On Sunday, clashes between police and masked protesters left around 40 people injured as tens of thousands demonstrated in Athens against the name change.

According to the government, “the incidents were provoked by extremists, members of (neo-Nazi party) Golden Dawn, who attempted to enter parliament.”

A wide range of Greek political parties, from Golden Dawn to the Socialists, oppose the accord.

But it could nonetheless be approved by the required 151 lawmakers in the 300-seat parliament.

The accord aims to start unravelling a diplomatic dispute that began nearly three decades ago with Macedonia’s declaration of independence but whose roots date back centuries.

Since 1991, Athens has objected to its neighbour being called Macedonia because Greece has a northern province of the same name. In ancient times it was the cradle of Alexander the Great’s empire, a source of intense pride for Greeks.

But the June agreement marks a landmark shift in the dispute, with the efforts of the two prime ministers winning them a nomination for the 2019 Nobel Peace Prize.

 

Right side of history

In addition to normalising relations between the two countries, implementation of the agreement will open the door for Macedonia to join the European Union and NATO, hitherto blocked by Athens’ veto.

But in Greece, its neighbour’s name continues to fuel controversy in politics and society, a few months ahead of parliamentary elections scheduled for October.

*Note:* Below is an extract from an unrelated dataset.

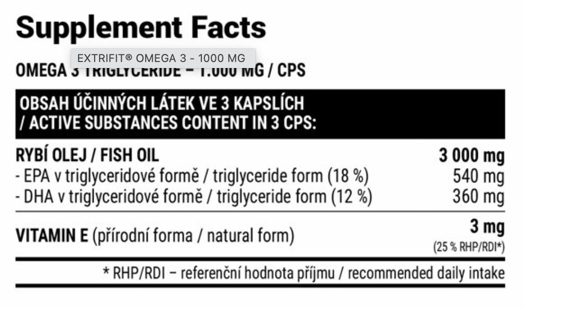 Omega‑3 1000 mg d’Extrifit® est une formule concentrée en acides gras essentiels EPA (180 mg) et DHA (120 mg) issus d’huile de poisson de qualité pharmaceutique. Ces deux oméga‑3 jouent un rôle fondamental dans le maintien de la santé cardiovasculaire, le fonctionnement optimal du cerveau et la réduction des processus inflammatoires, notamment chez les sportifs soumis à un stress oxydatif plus élevé.

Last week, Tsipras’s ruling coalition fell apart as a result of the controversy but he then narrowly won a confidence vote, setting the stage for the name-change vote in parliament.

His leftist Syriza party has 145 MPs and enough independent members have pledged their support to secure approval of the deal.

On the right, New Democracy leader Kyriakos Mitsotakis said the agreement “creates new problems” and “awakens nationalism.”

“Your foreign policy is superficial and ignorant... you should be ashamed,” he told leftist lawmakers.

“Are you afraid of a state that does not even have two percent of our military capability and not even six percent of our economic output?,” former foreign minister Nikos Kotzias, who was one of the top architects of the June agreement, asked the MPs.

Macedonian Foreign Minister Nikola Dimitrov, who worked with him on the deal, told AFP the compromise had created “a climate (in which) the impossible is actually possible.”

For many Greeks, especially in the north where the province of Macedonia is the birthplace of Alexander, the name “Macedonia” belongs to Greek historical heritage.

But Tsipras insisted Thursday: “We never had a Macedonian language. Alexander the Great spoke Greek.”

If the agreement does not come into effect, “the consequences of the failure will be profound” and reaching a new deal “would take years, not months”, UN mediator Matthew Nimetz warned in an interview with Greek news agency ANA.